Nevertheless, the main steps for retrieving a displacement field from a reference ref_im.tif to a current cur_im.tif are given in what follows.


### Required libraries
```
import numpy as np
from PIL import Image
from openlsa import OpenLSA
```

### Loading images
```
img_0 = np.array(Image.open("ref_im.tif"))
img_t = np.array(Image.open("cur_im.tif"))
```
Images are loaded and formatted as numpy arrays.

### Initializing LSA & kernel
```
lsa = OpenLSA(img_0, verbose=True, display=True)
kernel = my_lsa.compute_kernel(std=my_lsa.pitch().max())
```
The ***lsa*** class constructor directly analyses the reference image to build up LSA parameters such as the two orthogonal wave vectors characterizing its pattern.
The ***verbose*** (respectively, ***display***) option is set to **True**, so the program, during execution, displays information in the terminal (respectively, separate figures).
The LSA kernel is also defined in the proposed script.
The smallest width is chosen here, with the standard deviation of the Gaussian kernel being set to the pattern period.

### Computing phases
```
phi_0, __ = my_lsa.compute_phases_mod(img_0, kernel)
phi_t, __ = my_lsa.compute_phases_mod(img_t, kernel)
```
The ***compute_phases_mod*** method is called to compute the phase modulations associated with each image.

### Solving the temporal unwraping
```
phi_t, __ = my_lsa.temporal_unwrap(img_0, img_t, phi_0, phi_t)
```
The pairing of the current phase modulations ***phi_t*** to ***phi_0*** is performed by following a specific point from the reference image to the current one.
Point selection is automatically defined.

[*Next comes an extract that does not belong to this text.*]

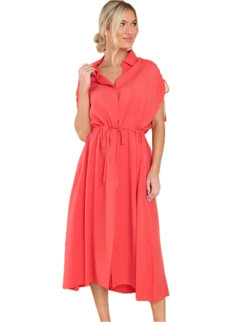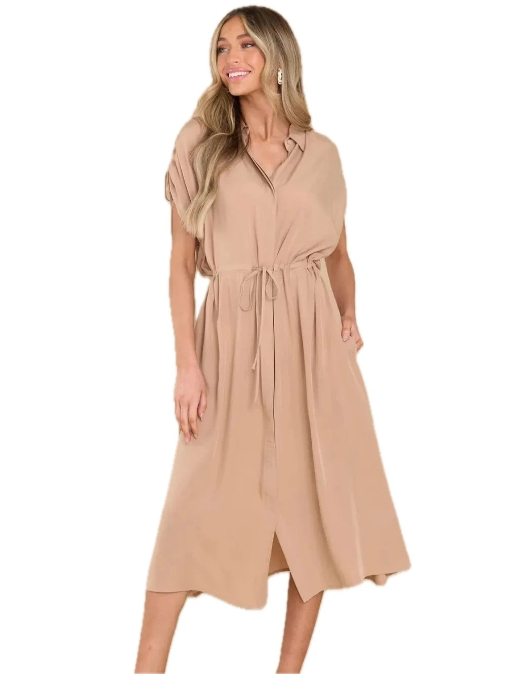 Women's Drawstring Collared Neck Short Sleeve Midi Dress with Buttoned Front and Sheer Detail in 100% Polyester

### Computing of the displacement
```
u_xy = my_lsa.compute_displacement(phi_0, phi_t, min_iter=6)
```
Finally, a fixed point algorithm is called for computing the displacement field from both phase modulations ***phi_0*** and ***phi_t***.
Displacement ***u_xy*** is formatted as a complex number, its real (respectively, imaginary) part corresponding to the component in the row (respectively, column) direction.


## Roadmap
Short term developments will consist of:
- Extending the displacement calculation to take into account camera model.
- Adding the deconvolution algorithm.

## License
These python codes can be used for non-profit academic research only.
They are distributed under the terms of the GNU General Public License v3.